▶ _Task description_:
Copy nothing but the lines below, from the one with "汽车与零部件行业:东方证券-汽车与零部件" through the one with "從以上的圖中,我們可以看出,核價單作業(yè)其一定會更", exactly as written; no pictures should appear.

▶ _Data segment_:
________________________

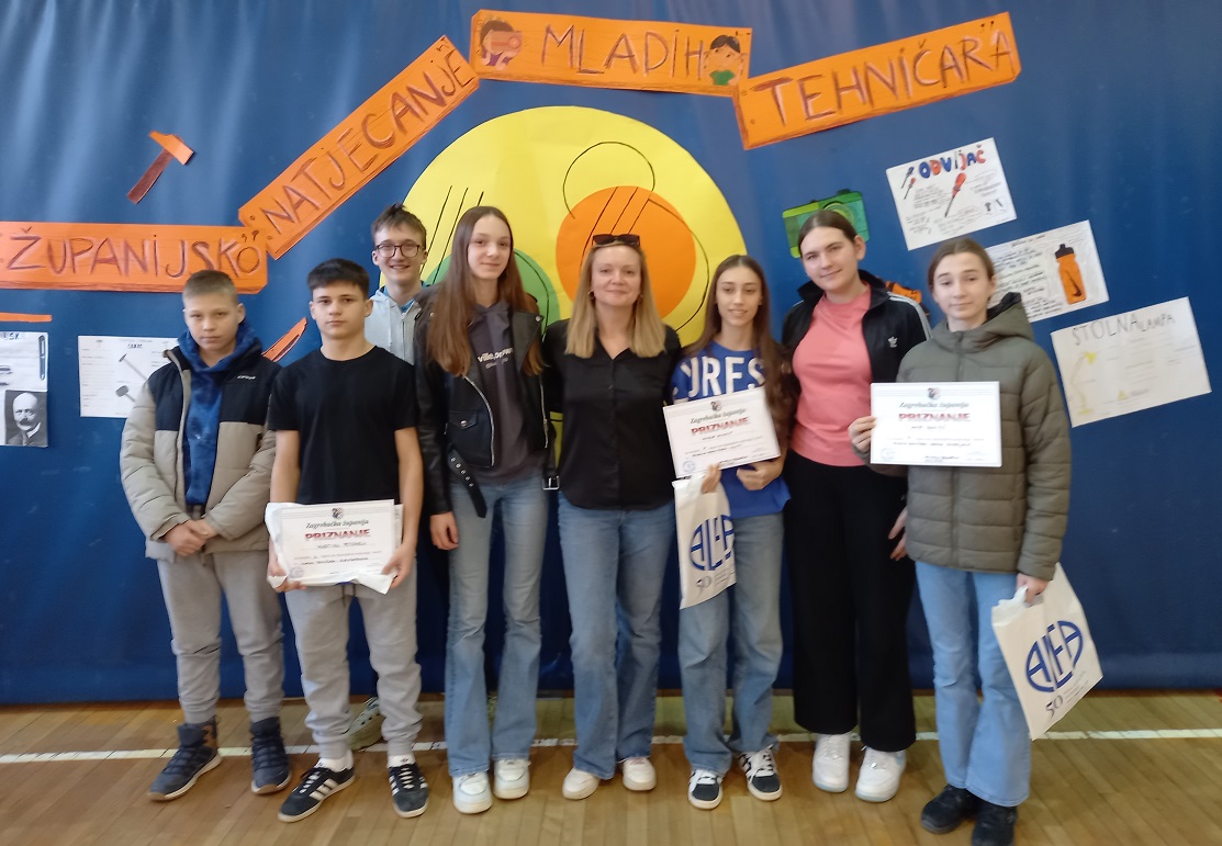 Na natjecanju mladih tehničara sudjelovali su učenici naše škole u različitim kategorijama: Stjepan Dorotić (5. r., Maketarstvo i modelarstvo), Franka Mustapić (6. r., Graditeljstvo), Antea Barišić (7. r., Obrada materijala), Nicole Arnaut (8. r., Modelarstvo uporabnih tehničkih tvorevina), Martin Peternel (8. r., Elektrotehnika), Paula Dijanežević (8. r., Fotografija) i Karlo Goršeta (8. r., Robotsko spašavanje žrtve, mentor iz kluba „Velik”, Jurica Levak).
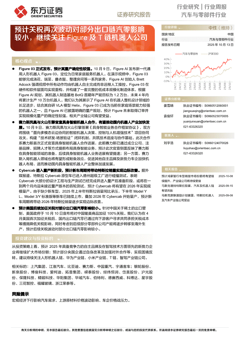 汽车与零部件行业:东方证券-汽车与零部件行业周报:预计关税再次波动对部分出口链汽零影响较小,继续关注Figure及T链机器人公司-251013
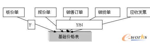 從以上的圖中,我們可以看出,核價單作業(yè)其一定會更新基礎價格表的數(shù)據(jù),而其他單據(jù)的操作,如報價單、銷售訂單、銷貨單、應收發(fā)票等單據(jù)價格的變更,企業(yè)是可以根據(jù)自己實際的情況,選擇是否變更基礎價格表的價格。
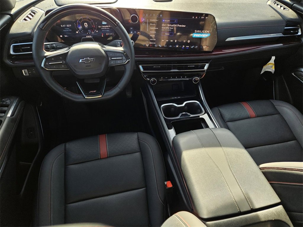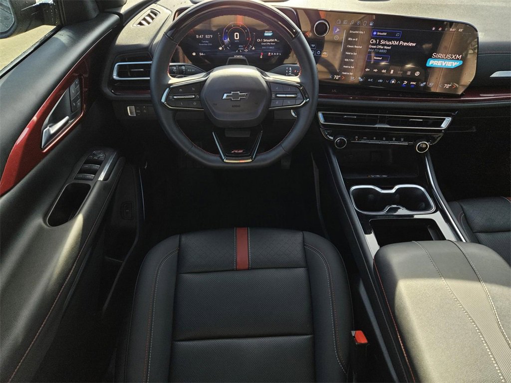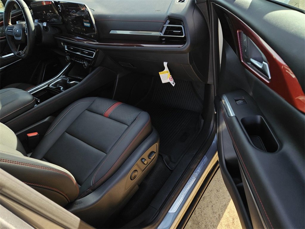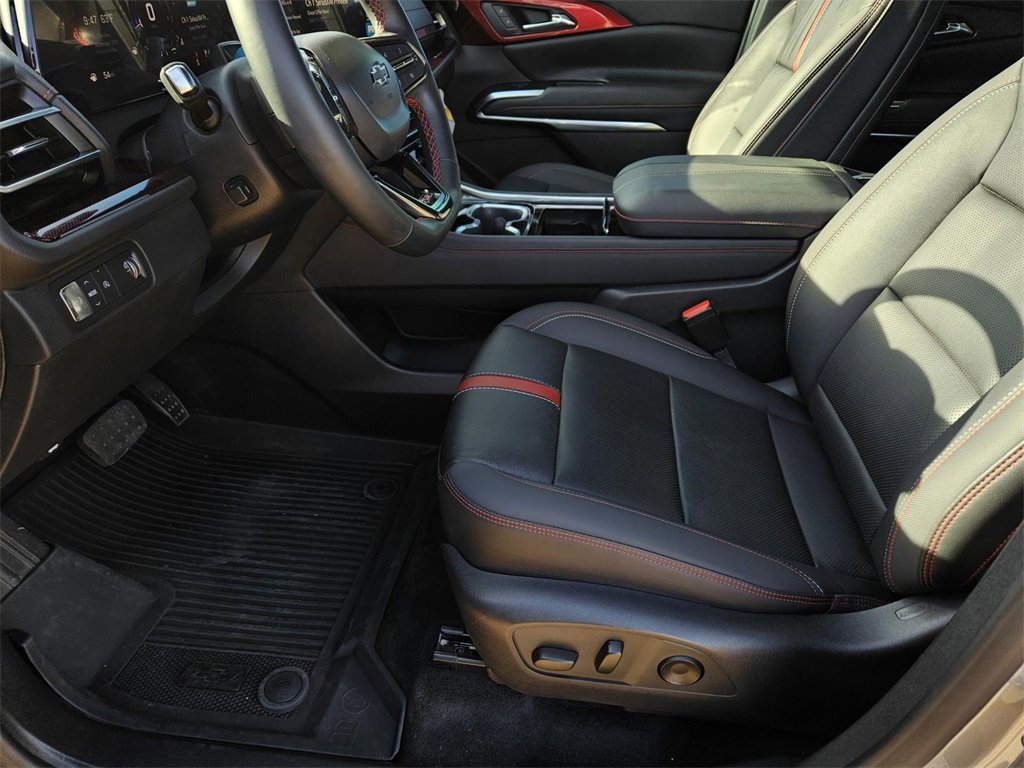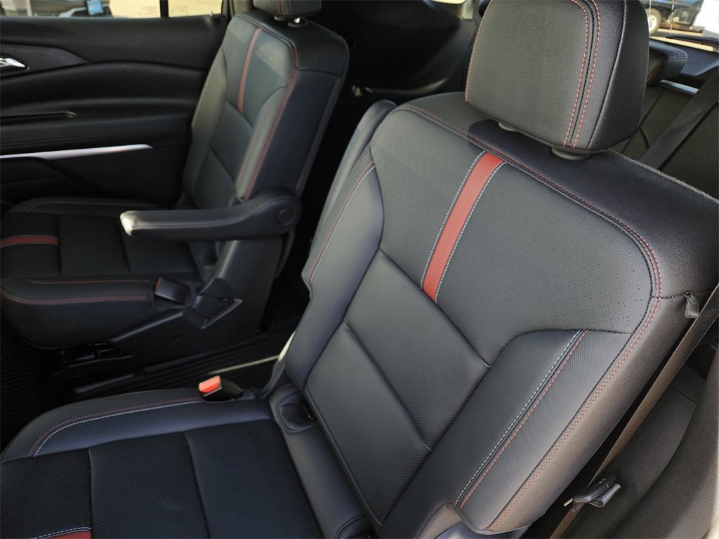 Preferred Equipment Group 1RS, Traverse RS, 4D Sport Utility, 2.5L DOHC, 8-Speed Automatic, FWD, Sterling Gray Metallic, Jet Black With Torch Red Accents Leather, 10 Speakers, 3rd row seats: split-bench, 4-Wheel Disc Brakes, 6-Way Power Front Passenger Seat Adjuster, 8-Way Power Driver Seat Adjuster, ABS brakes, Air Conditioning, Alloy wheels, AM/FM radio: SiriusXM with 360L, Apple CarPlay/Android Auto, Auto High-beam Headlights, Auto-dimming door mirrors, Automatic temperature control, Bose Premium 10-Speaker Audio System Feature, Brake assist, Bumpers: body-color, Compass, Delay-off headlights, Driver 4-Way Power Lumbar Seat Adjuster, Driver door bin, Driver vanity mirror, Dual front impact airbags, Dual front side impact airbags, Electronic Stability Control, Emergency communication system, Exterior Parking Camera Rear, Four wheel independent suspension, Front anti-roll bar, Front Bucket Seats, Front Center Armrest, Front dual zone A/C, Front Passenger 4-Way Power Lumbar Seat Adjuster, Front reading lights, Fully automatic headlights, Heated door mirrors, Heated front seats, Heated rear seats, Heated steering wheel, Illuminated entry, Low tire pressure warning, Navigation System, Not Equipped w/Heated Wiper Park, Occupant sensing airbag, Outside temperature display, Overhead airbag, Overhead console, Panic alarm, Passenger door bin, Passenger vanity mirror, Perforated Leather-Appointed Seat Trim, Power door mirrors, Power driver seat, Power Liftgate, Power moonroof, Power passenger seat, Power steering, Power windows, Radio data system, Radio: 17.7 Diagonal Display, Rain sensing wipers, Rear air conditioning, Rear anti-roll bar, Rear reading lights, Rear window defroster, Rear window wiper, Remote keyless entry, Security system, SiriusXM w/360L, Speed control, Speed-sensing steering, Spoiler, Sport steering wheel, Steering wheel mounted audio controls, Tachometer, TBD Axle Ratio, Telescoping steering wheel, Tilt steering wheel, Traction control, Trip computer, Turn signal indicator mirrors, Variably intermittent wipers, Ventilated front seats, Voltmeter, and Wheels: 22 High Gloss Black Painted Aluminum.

________________________

▶ _Solved problem_:
 汽车与零部件行业:东方证券-汽车与零部件行业周报:预计关税再次波动对部分出口链汽零影响较小,继续关注Figure及T链机器人公司-251013
 從以上的圖中,我們可以看出,核價單作業(yè)其一定會更新基礎價格表的數(shù)據(jù),而其他單據(jù)的操作,如報價單、銷售訂單、銷貨單、應收發(fā)票等單據(jù)價格的變更,企業(yè)是可以根據(jù)自己實際的情況,選擇是否變更基礎價格表的價格。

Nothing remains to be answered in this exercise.